Nathan told me that he got to the point that he was stealing from his parents to buy the pills on the street. Its street names are Vitamin R, the R-Ball or the Smart Pill. He said he would take up to 30 pills a day by crushing them up into a fine dust and sniffing them. According to him, that is when the drug became his true “magic pill.”

There are some children who have problems that are severe enough that the drug Ritalin can be a lifesaver. It’s my opinion though that, that has very little do to with why millions of children are taking Ritalin. My opinion…compliance. Teachers and parents expecting cookie cutter, little children who do as they are told, when they are told: Sit down, sit still, shut up, and pay attention. In short Ritalin has become a cure for normal childhood behavior and parents and teachers who don’t know how to handle normalcy in our children.

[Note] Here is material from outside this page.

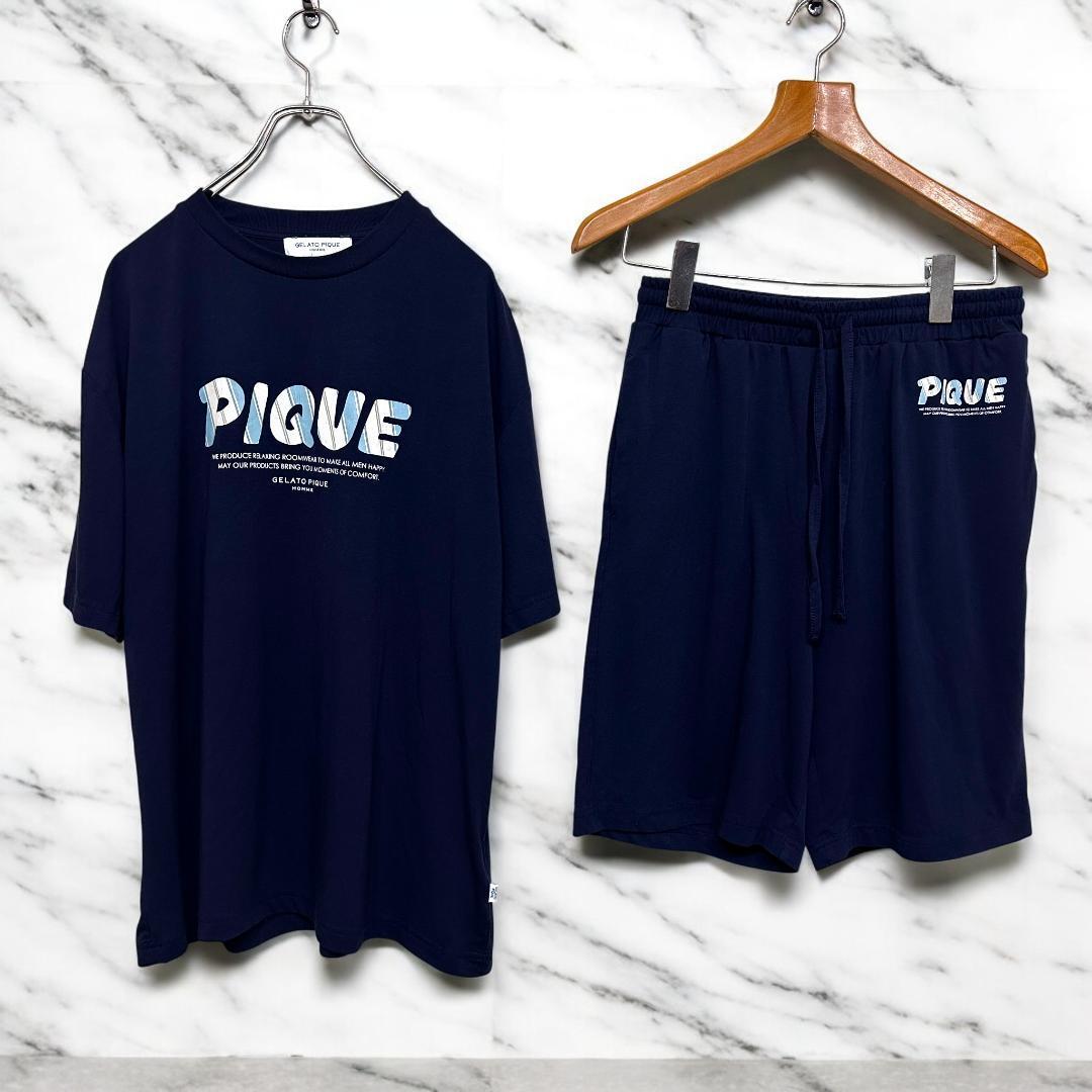 GELATO PIQUE HOMME 【セットアップ】ネイビールームウェア プリント半袖Tシャツ&ショートパンツ サイズM we318

Prescriptions for Ritalin have increased more than 600% in the last 10 years. In some schools more than 20% of the student population is diagnosed with either ADD or ADHD and is on Ritalin. At the going rate, more than 22 million school children will be on Ritalin by the year 2007. American school children use more than 6 times the amount of Ritalin than any other country in the world.

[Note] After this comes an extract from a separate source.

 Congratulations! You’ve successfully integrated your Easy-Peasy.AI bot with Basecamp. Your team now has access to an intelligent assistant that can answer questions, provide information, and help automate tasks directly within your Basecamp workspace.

Here are some other interesting facts about Ritalin and its use amongst teenagers:

High school and University students are buying the drug for as little as $1 to beat the stress of final exams.

Ritalin is being bought on the street and used by teens to stay awake during spring break trips so they don’t miss out on any of the fun.

The main supplier of Ritalin is the very students that Ritalin has been prescribed for.

For teenagers and adults the effects of Ritalin are the same as that of Cocaine, the only difference is that Ritalin is easy to buy and less expensive. It has become to poor man’s Coke.

Unprescribed us of the drug can cause aggression, anxiety and heart seizures.

Since the level of prescribing the drug has gone up, so has its availability as a
street drug.

More and more evidence is becoming available that drugging children diagnosed as hyperactive could have unexpected and very harmful, long term effects. Excessive doses of Ritalin over a long period of time, especially in children who have been misdiagnosed, can and does produce addiction. It is also possible to develop a tolerance to the drug, so that larger doses are needed to produce the original effect.

Abuse of Ritalin is not a foreign concept in this day and age, neither is the fact that it is a very addictive drug. If your child has been diagnosed with a condition that requires the use of this medication, based on the evidence of the harm that can be caused by long term use, you would be well advised to get a second or, even, a third opinion.